RECORDS SUPPLIED:
+ + +

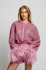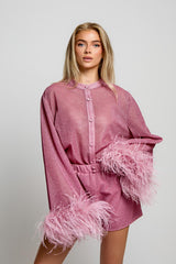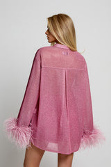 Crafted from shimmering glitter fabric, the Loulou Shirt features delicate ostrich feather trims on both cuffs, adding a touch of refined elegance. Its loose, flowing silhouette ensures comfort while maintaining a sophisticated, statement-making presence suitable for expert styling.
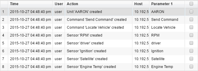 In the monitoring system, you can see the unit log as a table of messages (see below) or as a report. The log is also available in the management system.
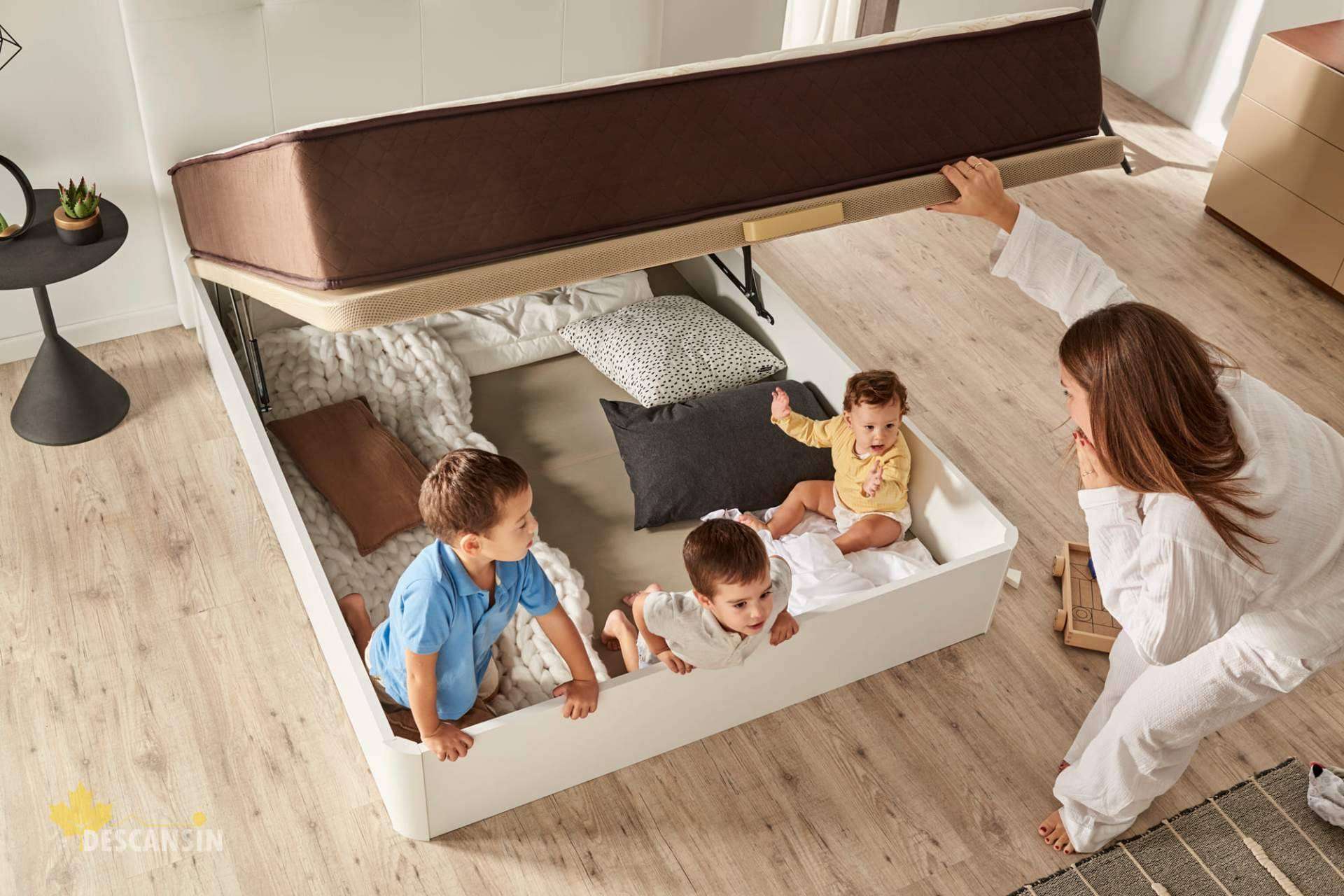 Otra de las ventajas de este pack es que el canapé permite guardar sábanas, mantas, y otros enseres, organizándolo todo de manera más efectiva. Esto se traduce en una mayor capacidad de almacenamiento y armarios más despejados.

+ + +

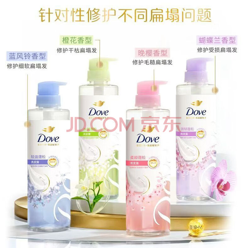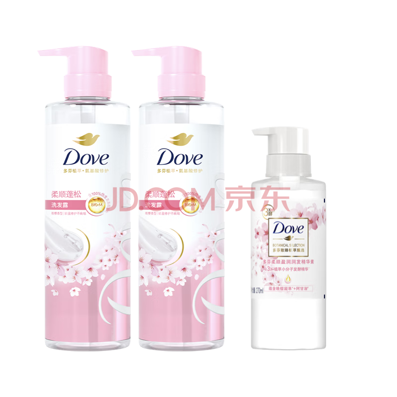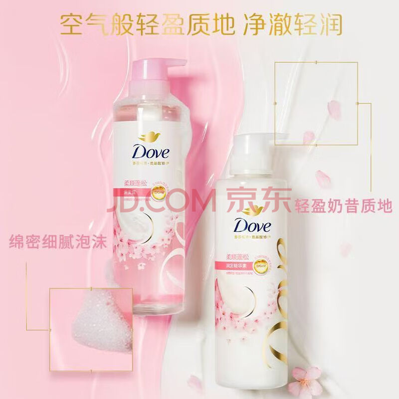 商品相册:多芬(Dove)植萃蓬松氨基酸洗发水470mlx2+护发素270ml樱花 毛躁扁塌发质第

+ + +

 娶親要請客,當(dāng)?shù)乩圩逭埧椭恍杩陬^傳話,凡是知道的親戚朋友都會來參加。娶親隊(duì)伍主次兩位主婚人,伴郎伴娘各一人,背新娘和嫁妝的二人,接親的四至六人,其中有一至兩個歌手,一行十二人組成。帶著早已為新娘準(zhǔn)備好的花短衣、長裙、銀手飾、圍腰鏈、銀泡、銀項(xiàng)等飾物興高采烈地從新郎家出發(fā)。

+ + +

YOUR TASK: For the entries above, print exactly the lines between the one with "Crafted from shimmering" and the one with "Otra de las", inclusive, with no pictures.

RESPONSE FOR THIS EXERCISE:
 Crafted from shimmering glitter fabric, the Loulou Shirt features delicate ostrich feather trims on both cuffs, adding a touch of refined elegance. Its loose, flowing silhouette ensures comfort while maintaining a sophisticated, statement-making presence suitable for expert styling.
 In the monitoring system, you can see the unit log as a table of messages (see below) or as a report. The log is also available in the management system.
 Otra de las ventajas de este pack es que el canapé permite guardar sábanas, mantas, y otros enseres, organizándolo todo de manera más efectiva. Esto se traduce en una mayor capacidad de almacenamiento y armarios más despejados.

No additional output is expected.